Data Analytics
GCP offers many services for data analytics purposes.
BigQuery
BigQuery is a fully managed, petabyte-scale and cost-effective analytics data warehouse that lets you run analytics over vast amounts of data in near real time.
BigQuery storage
BigQuery stores data using a columnar storage format that is optimized for analytical queries. BigQuery presents data in tables, rows and columns and provides full support for database transaction semantics (ACID)
-
Datasets : A dataset is contained within a specific project. Datasets are top-level containers that are used to organize and control access to your tables and views.
- The dataset location can only be set at creation time.
- All tables that are referenced in a query must be stored in datasets in the same location.
- When you copy a table, the datasets that contain the source table and destination table must reside in the same location.
- Dataset names must be unique for each project.
-
Tables : A BigQuery table contains individual records organized in rows. Each record is composed of columns (also called fields).

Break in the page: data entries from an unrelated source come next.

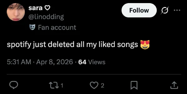 From what I was able to gather from user reports, the web player still seems to show songs correctly for most people. It’s the standalone apps on mobile and desktop where things fall apart. One user said they lost access to around 40,000 liked songs after reinstalling Spotify on their devices, though the web version still showed everything intact. Another reported their count dropped from 30,000 to about 9,800 after deleting the iPhone app.
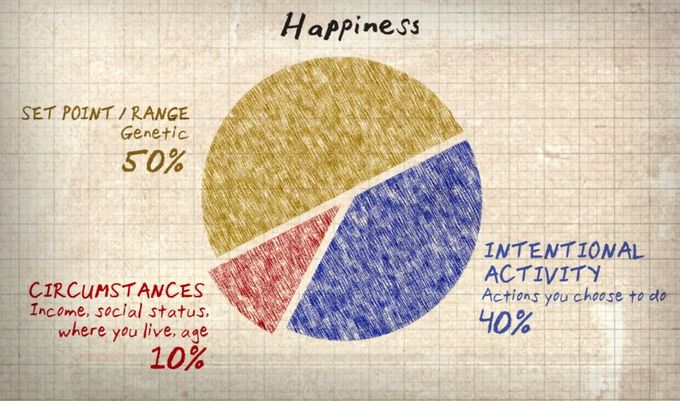 This pie chart shows what makes people happy in broad terms. It was part of a study made by psychologist Sonja Lyubomirsky.
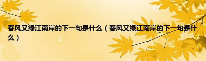 以上就是【春风又绿江南岸的下一句是什么,春风又绿江南岸的下一句是什么】相关内容。
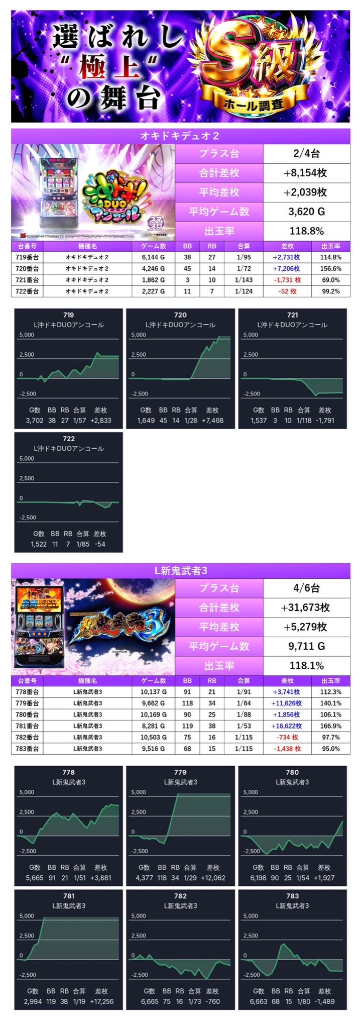 対象は「沖ドキ!DUOアンコール」「新鬼武者3」2機種10台で、平均差枚+3,983枚/出率118.2%と出率は圧巻で抜群の反応を示し、盛り上がりを演出。
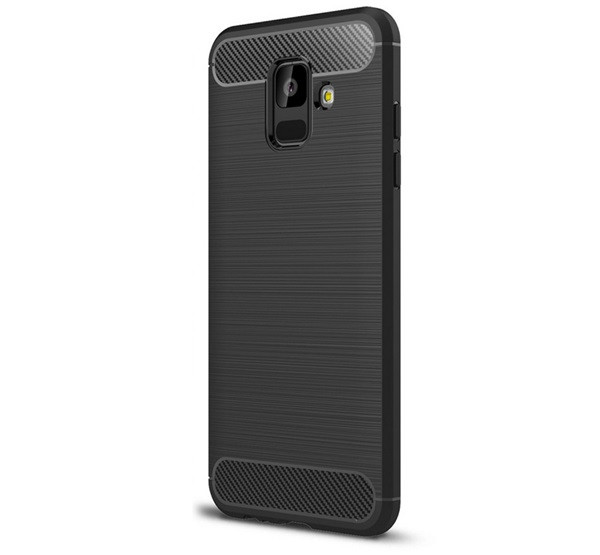 Szilikon telefonvédő (ütésállóság, légpárnás sarok, szálcsiszolt, karbon minta) FEKETE

- Every table is defined by a schema that describes the column names, data types, and other information.
- Table types are:
- Standard BigQuery tables : structured data stored in BigQuery storage.
- External tables : tables that reference data stored outside BigQuery.
- Views : logical tables that are created by using a SQL query.
Pub/Sub
Cloud Pub/Sub is a fully managed messaging architecture that enables you to build loosely coupled micro services that can communicate asynchronously. You can use Cloud Pub Sub to integrate components of your application.
CLI examples.
It supports 2 subscription modes :
-
Pull(Default) : The subscriber explicitly calls the pull method to request messages for delivery.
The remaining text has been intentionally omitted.